Nevertheless, company reps on the lookout for investors at the conference might well have taken heart from the variety and size of investments described by the speakers. For example, Xia of AIF Capital said that his firm typically makes investments in single projects across a broad range of between $10 million and $50 million.


 


Strategies also differ depending on who has the checkbook. Xia noted that AIF does not “position itself as a buyout fund or venture capital firm,” which contrasts with takeovers launched by firms such as CITIC. “We see ourselves as a growth fund. That is, we try to take up a minority share in the company we invest in, and we do not engage in the daily operations of the company,” Xia said. “On the other hand, we are quite active in the various board-related activities and various committees and sub-committees under the board of directors of the company we invest in.” AIF makes relatively long-term investments of up to five or seven years, demanding strong terms of protection for minority shareholders. Alex Ding, meanwhile, stressed that ABC, which started life as a consultancy, aims to leverage its consulting experience by providing a comprehensive set of services to the enterprises they invest in.


 


End Game


 


In a panel on “exit strategies”. entrepreneurs and investors suggested that investors are keen on launching initial public offerings, and that entrepreneurs, since they are often large shareholders, may also tend to prefer IPOs to participating in mergers and acquisitions. However, IPOs may prove a sticking point with other shareholders, speakers said.


 


Since increasing numbers of Chinese entrepreneurs who do opt for IPOs are now looking to stock markets abroad, conference speakers pored over the merits and demerits of this strategy. A foreign listing can be a mixed blessing, warned Sean Wang, president and COO of Hurray! Solutions. In the first place, the process of listing abroad can be extremely complex. And, once achieved, as a listed company in the U.S., for instance, Chinese companies face the unenviable task of meeting the demands of both U.S. and Chinese regulators. “This is a very serious problem,” Wang said.

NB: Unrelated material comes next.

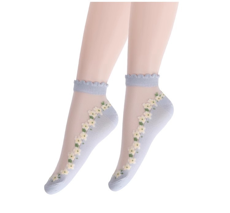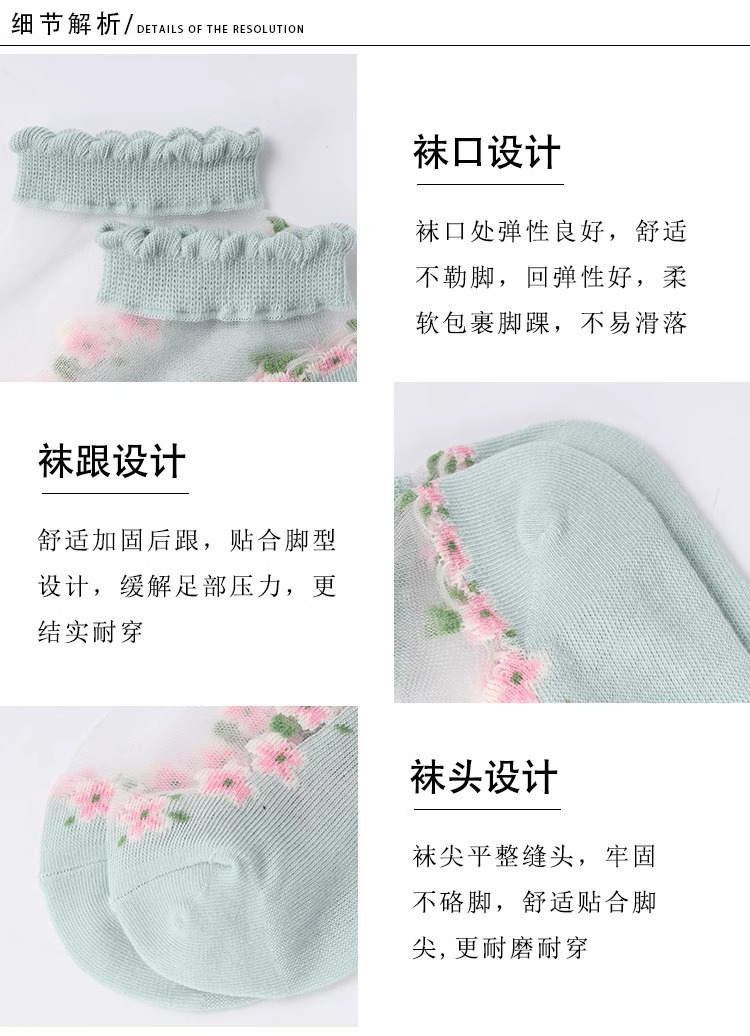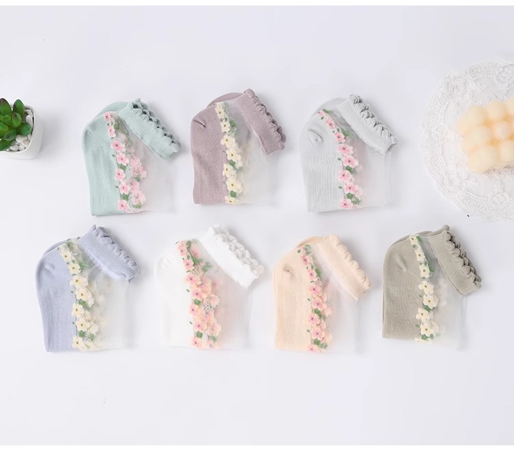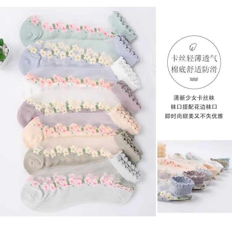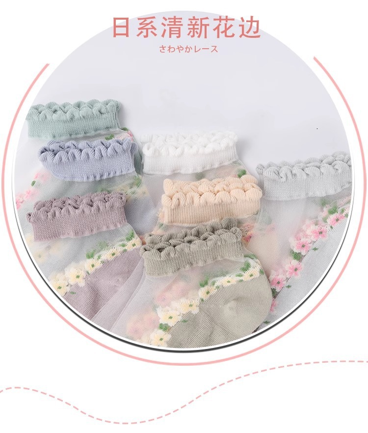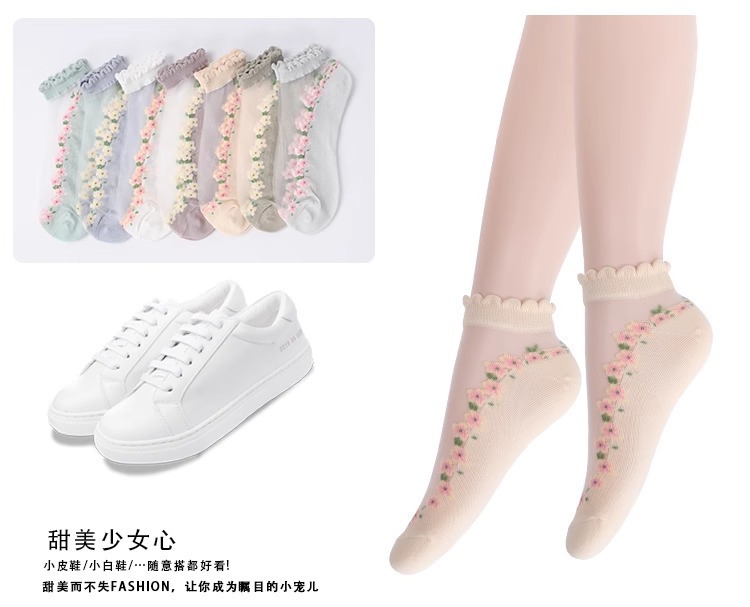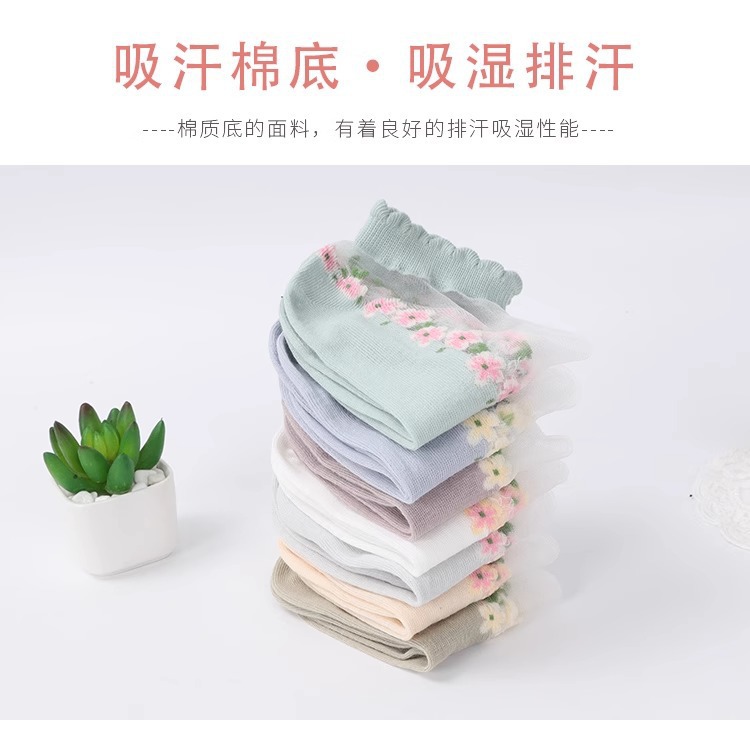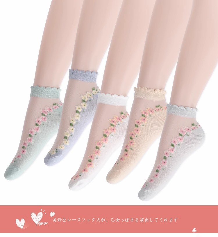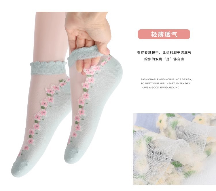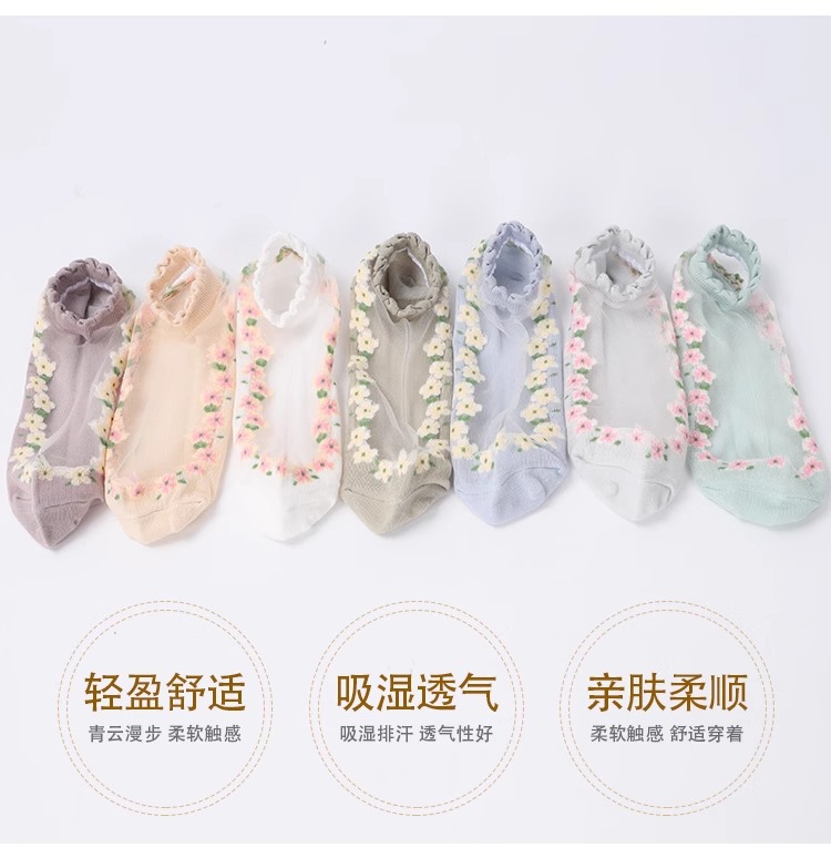 国境を越えた人気の靴下花柄ガラスシルクトレンディな靴下東南アジアで売れ筋の通気性と吸汗性のレースの靴下ドロップシッピング

Nevertheless, there are also advantages, he added, including a high money-raising potential and the prospect of quick growth. Michael Yang, executive director, Asia Pacific, for the NYSE, suggested that many Chinese companies want to go abroad to participate in M&As. Being listed on the NYSE helps with this, he said, adding that while listings of Chinese state owned enterprises on the NYSE began to slow in 2005, listings by private enterprises have speeded up. More and more Chinese companies are able to satisfy the requirements of the NYSE, the world’s most regulated stock market, he said.